German Chancellor Angela Merkel has cancelled a meeting with the Israeli government, a government spokesman said in Berlin on Monday.
Both sides agreed to hold the next round of German-Israeli government-level talks in the new year, the spokesman said, giving the reason as "the variety of international appointments within the context of the German presidency of the G20."
While the official response was that the meeting planned for May 10 in Jerusalem had to be cancelled due to elections in September, another reason was Merkel's dissatisfaction with the Israeli settlement legalization law passed earlier this month, Haaretz reported, citing anonymous German and Israeli sources.
Since 2008, German chancellors and Israeli premiers, as well as their senior officials, have met nearly annually in either Jerusalem or Berlin for a summit to underscore their countries' close relationship.

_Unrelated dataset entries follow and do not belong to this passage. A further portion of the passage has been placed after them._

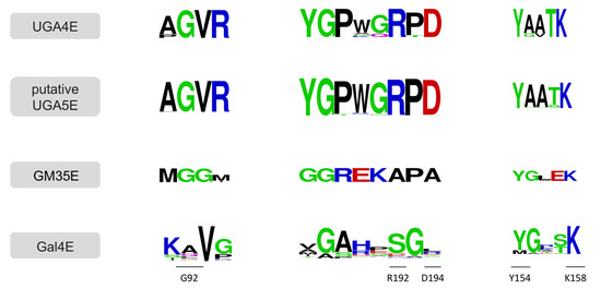 This hypothesis is supported by a more detailed sequence analysis. Sun et al. recently solved the first crystal structure of an UGA4E (i.e., from Streptomyces viridosporus, PDB 6KV9) and found that crucial interactions are formed with the substrate at positions G92 and R192 [20]. Moreover, R192 is believed to favor the sugar ring rotation that is needed for C4-epimerization, and its correct orientation would be ensured by the adjacent D194. The conservation of these residues, and their environment, in all of the UGA4Es characterized to date is displayed in Figure 6. Crucially, the sequence logo of the putative UGA5E sequences is found to be practically identical. In order to make a comparison to a related C5-epimerase, GM35E from the same CEP1 family was analyzed as well. In addition, the sequence logo of UDP-glucose 4-epimerase (Gal4E), the most studied specificity within the CEP1 family, was also included. As a totally different sequence logo was obtained for the latter two epimerases, it can be concluded that the residues are not simply conserved among all CEP1 members or even among enzymes with the same epimerization site. Accordingly, G92, R192, and D194 can probably serve as fingerprints for the UGA4E specificity. In addition, similar differences are observed in the YxxxK catalytic motif (Figure 6). These results indicate that the putative UGA5E sequences are probably just incorrectly annotated UGA4Es.
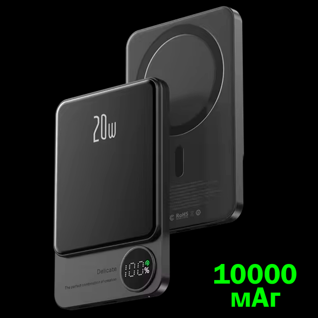 Магнітний повербанк (Power Bank) 10000mAh з MagSafe, швидкою зарядкою 22.5W та LED-дисплеєм для iPhone 12/13/14/15/16
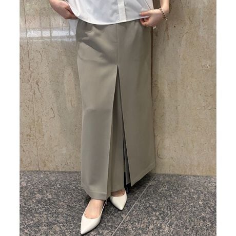 大人らしいタックタイトシルエットのスカートです。フロントにはスリットを入れ、すっきりとした印象の中に動きをプラスしています。お仕事にも重宝する洗練された雰囲気が際立ちます。セージグリーンとブラックの2色展開です。
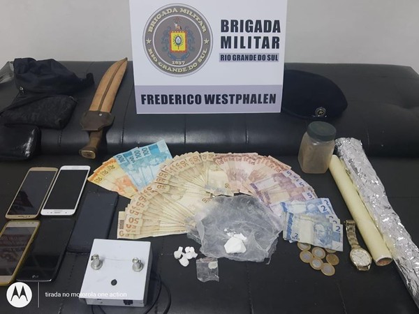 Um homem e de uma mulher por tráfico de drogas, na noite desta sexta-feira, 17 de abril, na Linha Água Azul, interior do município de Pinheirinho do Vale. Com eles foram apreendidas quatro porções de cocaína, aproximadamente R$ 1.900,00 em dinheiro, além de materiais utilizados para embalar a droga e celulares.
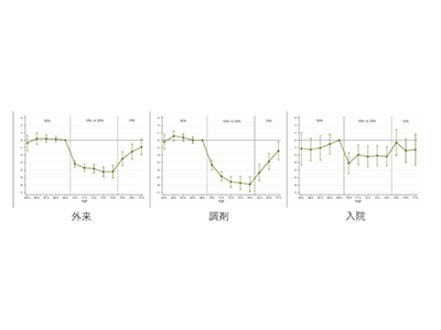 2.「外来」「調剤」「入院」にかかる医療費に分けてみてみると、「入院」医療費への影響は、「外来」と「調剤」に比べると半分程度であった。2割負担の人たちの医療費は1割負担の人たちに比べて、「外来」で4%、「調剤」で3~6%、「入院」で2%減少した。
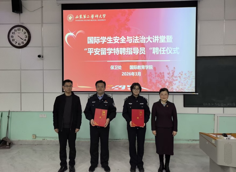 为进一步增强国际学生法治意识与安全防范能力,推进警校协同育人,共筑校园安全防线,3月31日,国际教育学院举办“警校携手 护航安全”国际学生法治与安全教育大讲堂暨“平安留学特聘指导员”聘任仪式。活动邀请潍坊市公安局奎文分局的广文派出所警官郭辉启、奎文分局治安大队警官孙彤作专题讲座。奎文分局治安大队副大队长逯晓、广文派出所副所长刘佳,我校保卫处处长吴周强,国际教育学院院长李向云、副院长仉国琛,以及虞河校区全体国际学生和辅导员参加活动。
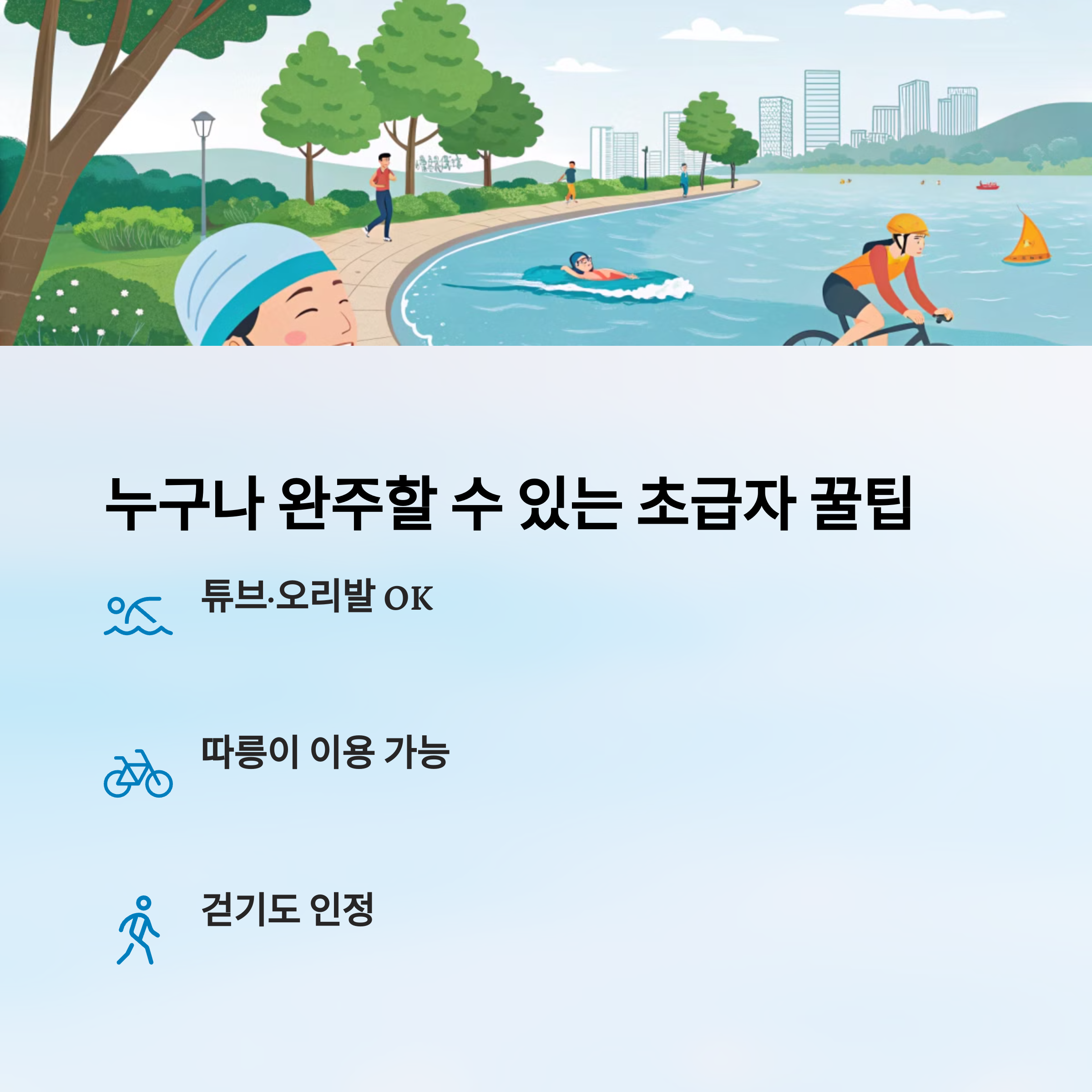 축제에서는 수영, 자전거, 달리기를 한꺼번에 즐길 수 있어요. 하지만, 기록보다는 참가자의 건강과 재미를 최우선으로 두고 있어요. 초보자도 부담 없이 완주할 수 있도록 난이도별 맞춤 코스가 준비되어 있답니다. 🏅
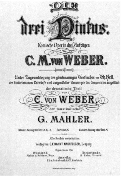 Die drei Pintos. Carl Maria von Weber (1786-1826) and Gustav Mahler (1860-1911), Kahnt music publishers.
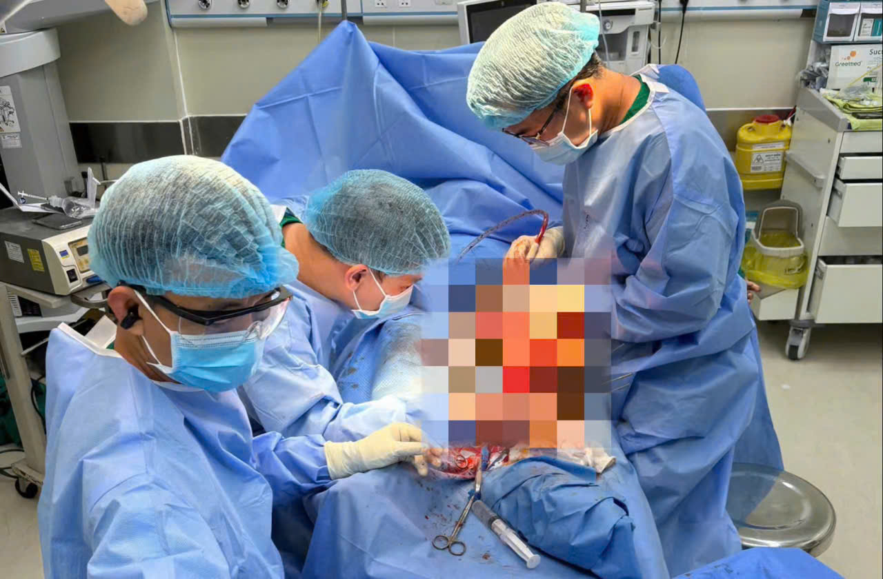 BSCKII Nguyễn Thành Hưng, Khoa Lồng ngực - Mạch máu cho biết, trong quá trình phẫu thuật, bác sĩ ghi nhận động mạch khoeo ở chân trái của bệnh nhân bị đứt hoàn toàn, mất một đoạn dài hơn 2cm, không thể nối trực tiếp. Theo đó, các bác sĩ đã lấy một đoạn tĩnh mạch ở chân lành để làm cầu nối, giúp máu lưu thông trở lại xuống bàn chân bị thiếu máu trong thời gian dài.

The law, which prompted condemnation from several countries and international organizations, stipulates that settlements found to be illegally built on Palestinian-owned land will not be removed.
A petition against the law has already been filed with the Israeli Supreme Court, which is widely expected to strike it down.
"The confidence we had in the Israeli government's commitment to the two-state solution has been profoundly shaken," said the German Foreign Ministry in a statement released after the law was passed.
The cancellation of the summit is one of several ways Germany plans to express its displeasure with the law and Israeli settlement activity using diplomatic and public channels, reported Haaretz.